Electronic sign at Washington Blvd and Route 50 (photo courtesy @CruiseInDeCarr)An electronic sign the Arlington County Police Department stationed at Washington Boulevard and Route 50 is raising some eyebrows. Not because the message it displays is risqué, but rather because it seems so obvious.

The sign has been programmed to display the phrase “don’t hit the car in front of you.” The message has drawn national media attention, with the likes of Fox News and The Blaze picking up the story.

Earlier this month, @CruiseInDeCarr tweeted a photo of the sign to ARLnow.com, adding: “You wouldn’t think we’d need a sign for this.” While that may be the logical assumption, it appears drivers haven’t heeded the obvious advice, considering that intersection came in as the top area for motor vehicle accidents in Arlington during the second quarter of 2013. During that time period, police responded to 11 accidents at the site, nearly all of them rear-end collisions.

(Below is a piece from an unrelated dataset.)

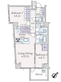 | 間取り | 2LDK | 専有面積 | 60.36m2(18.2坪) 壁芯 |

The ACPD believes the sign has caught drivers’ attention due to the simplicity of the wording.

“The current message was an attempt to simplify the message to reduce the amount of accidents as much as possible,” said ACPD spokesman Dustin Sternbeck. “It’s intended to have a positive effect in terms of reducing the number of accidents because that site has been identified as a top accident location in Arlington. As long as people are paying attention, it [the sign] may affect their driving behavior.”

The sign is one of four the ACPD purchased from 2004-2006. It cost around $16,000, with about half of the cost being covered by grant money from the Virginia Department of Motor Vehicles. All the messages displayed on the boards rotate and are changed after two months. Previous messages included “high accident area ahead”, “no merge area”, “safety is no accident” and “maintain safe following distance.”

The signs are mounted on trailers that can be moved around the county to warn drivers of construction zones, inform them of traffic safety campaigns or alert them to special events. The ACPD says the signs operate on deep cycle 12 volt batteries and the necessary maintenance is minimal.